Сентиментальные чувства пробуждала в Останкине открывшаяся в Каштанове любовь к лошади. У иных наблюдавших, как Игорь Борисович расчесывает лошади гриву или выковыривает из-под подков сезонную городскую грязь, влажнели глаза. Хозяин гаража, где квартировала лошадь, уехал на пять лет в Бангладеш, доверив Каштанову надзор за помещением. И гараж стоял удивительно чистый, здоровый. В нем поселилась и собака Валентина Федоровича Зотова. Все были убеждены, что собака не переживет дядю Валю. Но она пережила. Лошадь как могла опекала осиротевшее животное. Лошадь и собака словно бы не имели кличек, все их называли — лошадь Каштанова и собака дяди Вали. Умная собака часами сидела у гаража, смотрела на мир открытыми глазами, возможно, желала рассказать свою историю и историю дяди Вали, но не могла. О слиянии чувств лошади, собаки и Игоря Борисовича Каштанова узнали в городе, они втроем стали достопримечательностью Останкина (в особенности после воспитательных публикаций писателя Мысловатого), смотреть на Каштанова с животными привозили детей.

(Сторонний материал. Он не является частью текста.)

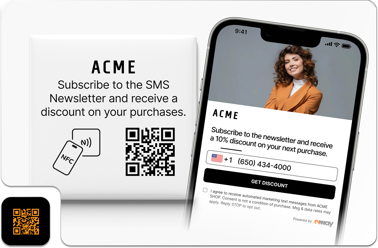 The mechanism uses NFC and QR stickers provided by 2way as part of the 2way Grow deployment. Each sticker contains a built-in NFC chip and a printed QR code, and arrives ready to place with no technical setup required on the brand's side. NFC works like contactless payment: the customer holds their phone near the sticker and a sign-up page opens automatically on their screen. The QR code does the same for customers who prefer to scan. No app download, no loyalty card, no form at the counter.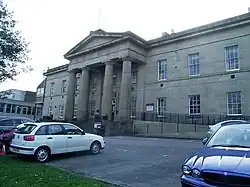 The original hospital in Huddersfield, which was designed by Joseph Kay and which was located at New North Road, opened in 1831.[1] Additions included the south wing in 1861, the north wing in 1874 and the Carlisle Wing, financed by a gift from Sir Hildred Carlile, in 1898.[2] The foundation stone for a further extension was laid by the Duke of York in 1932; it was opened by Lord Moynihan in 1934.[1]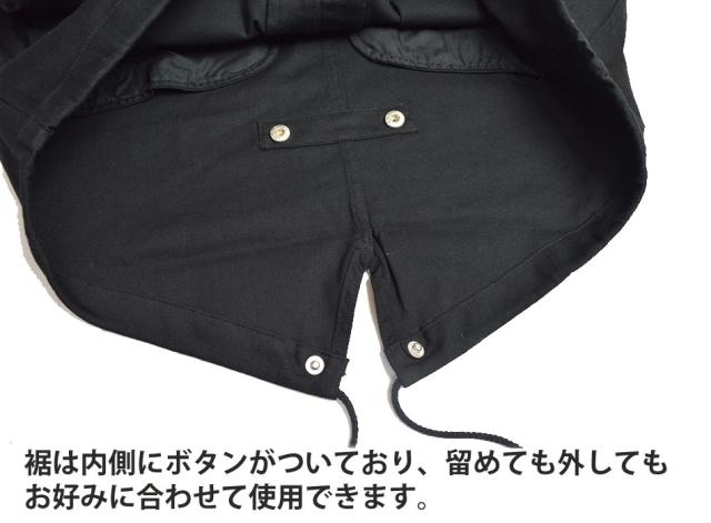 ■「フィッシュテール」と呼ばれる二股に分かれた後ろ裾はスナップ釦で折りたためるので、お好みで2WAY楽しめます。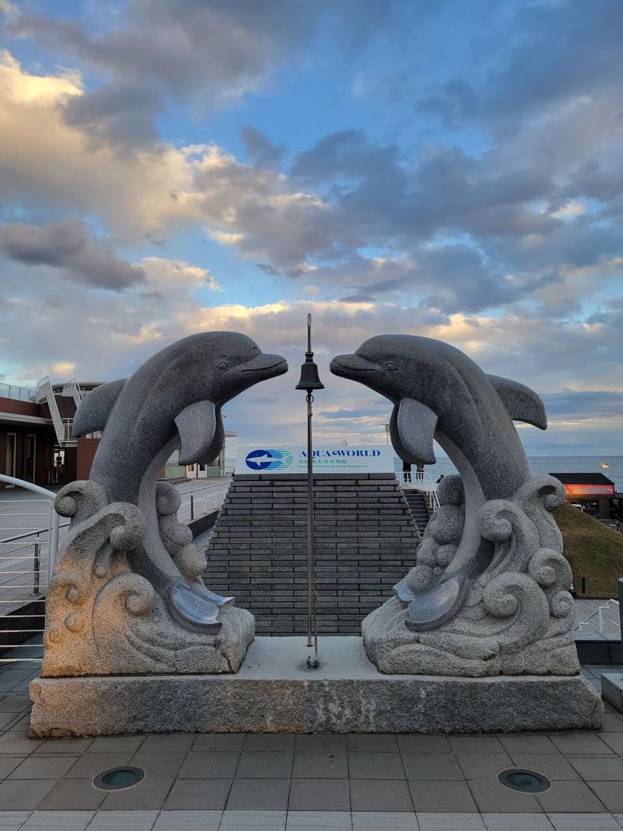 本日もお疲れさまでした! 写真は茨城県大洗町にある 『アクアワールド茨城県大洗水族館』 サメの飼育種類数が日本一を誇るそうです🦈 エントランス前にはサメではなく イルカのモニュメントがあります🐬🐬 #企業公式がお疲れ様を言い合う #茨城県民の日 pic.x.com/g4ZhmY1dVf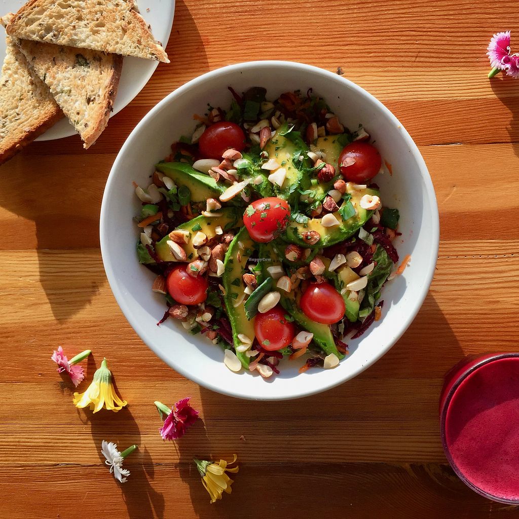 Read moreThere were so many vegan choices that made the selection of lunch fun, and we settled on two different salad bowls- one raw, and one with marinated tofu. Both were pleasantly presented, and deliciously seasoned. The dressings were so tasty. We also ordered vegan shakes or smoothies, which were wonderful and filling.

Не раз являлся на улицу Кондратюка созерцать лошадь и собаку Петр Иванович Дробный. Дробный ставил красную «тоёту» на Цандера у районной поликлиники и проходил во двор Каштанова. Во дворе под яблонями и вишнями стараниями дяди Вали когда-то были поставлены лавочки. Дробный созерцал иногда стоя, иногда сидя на лавочке, иногда и опустив веки, и куда длительнее, чем на Сретенском бульваре. Будто бы Петр Иванович и не обращал теперь внимания на ход делового времени. Однажды Дробный, возвращаясь сознанием или духом в гвалт и спешку Москвы, стал говорить Михаилу Никифоровичу о непостижимости жизни и о том, что лишь созерцанием можно совместить себя с великим и непостижимым, достичь — хоть в немногом — очищения, возвышения духа, сотворить — хоть ненадолго — в себе гармонию души, совершенно невозможную в мгновения, когда тебя обдает грязью трамвай или когда к тебе проявляет интерес автоинспекция. При этом Дробный полагал, что созерцание и недеяние и есть наилучшее состояние человека, деяниями же своими он может лишь все испортить в мире. Однако Михаил Никифоровичне мог не сказать, что житейская практика Петра Ивановича отчасти противоречит его положениям. «Да, да! — горестно согласился Дробный. — Да!» Это какому-нибудь Ван Вэю можно было удалиться к горам, водам и туманам и там лишь созерцать, а нам-то каково? Нам-то приходится крутиться! Крутиться! Крутиться! Впрочем, мясные ряды Дробный оставил, каскадером на студии Горького лишь прирабатывал, искал нового приложения сил. К тому же натура его еще не остыла, еще полностью не была готова к сплошному созерцанию. И было дано понять Михаилу Никифоровичу, отчего Дробный вдруг разоткровенничался перед ним: в надежде на откровенность Михаила Никифоровича. Не будет ли третьего пришествия известной особы? Не восстановится ли Палата Останкинских Польз? Устал Дробный в делах на улице Цандера, однако жалел, жалел, что дела эти оборвались. Но что мог сказать Дробному Михаил Никифорович? Ничего.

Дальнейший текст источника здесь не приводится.